Izzy sighed. "Bad. Then it was worse. Then it was a bit better. Then it was… awkward."

"Complicated, then," the redhead concluded.

"Definitely," she agreed. "And, judging by the crowd downstairs, it looks like we're the new heroes around here."

Ginny groaned in annoyance. "Don't mention it. I practically had to kick a bunch of people on the face to escape. We're not even 'heroes' for the right reasons. All that planning for this… now Harry'll never get the bloody sword…"

"Yeah," Izzy mumbled faintly, looking down. "Maybe if we'd waited a little longer, we'd have figured the wards out…"

"It's done, Izzy," Ginny said, a sense of finality in her tone. "It's done and we can't undo it. No use crying over spilled milk. We need to move forward now. Doesn't mean it doesn't suck, but well…"

"Move forward how?" Izzy asked.

Her redheaded friend shrugged. "Depends on what Snape and the Carrows come up with next. You'll have to ask Trelawney if it's the future you want to hear about."

"Somehow I feel like I'd rather find out myself by letting it unfold," she stated. "Prophecies are nothing but trouble."

Ginny sighed. "Tell me about it."

Her friend didn't need to say a word for Izzy to be sure she was thinking of Harry… "I'm sure he'll do fine without the sword," Izzy lied for the sake of trying to make Ginny feel better. "I mean, if Dumbledore really needed Harry to get it, he surely would've found a more effective way for him to get it than just leaving it to him on his will…"
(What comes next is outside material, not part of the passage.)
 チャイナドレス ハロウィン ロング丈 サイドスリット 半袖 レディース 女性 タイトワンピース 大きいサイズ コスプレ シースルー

The redhead gave her a sceptical look. "It still doesn't change the fact that You-Know-Who really wanted it away from Harry. If that was the case, I'm sure Harry could've really used…" She sighed again and shook her head before rubbing her face on her hands. "As I said, no use crying over spilled milk. And I don't know about you, Izzy, but right now I need to close my eyes and give my brains a rest or else I'll lose my mind."
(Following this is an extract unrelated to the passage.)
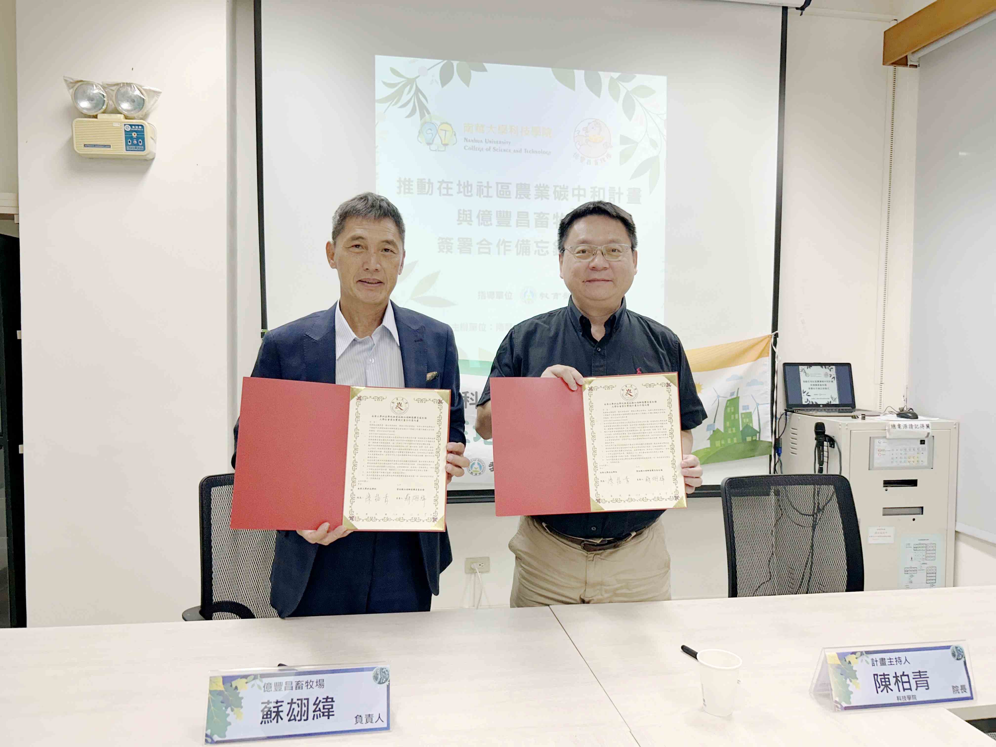►南華大學科技學院陳柏青院長(右)代表南華大學科技學院,與億豐昌畜牧場的蘇翃緯負責人(左),簽訂合作備忘錄並合影留念。

Izzy raised her eyebrows. "You're telling me you actually think you'll be able to sleep anything tonight?" She felt so bloody awake she doubted she'd bat an eye for days…

Ginny sighed. "If there's one thing you learn when you share a house with eight people, Izzy, is how to sleep no matter how crowded your mind is or how loud they are or how furious you are at them," she told her. "Or, well, at least I did."

"Well, good for you. I suppose I'll be staring at the ceiling all night, then," Izzy mumbled, slightly disappointed she'd have to go through a sure-to-be sleepless night on her own.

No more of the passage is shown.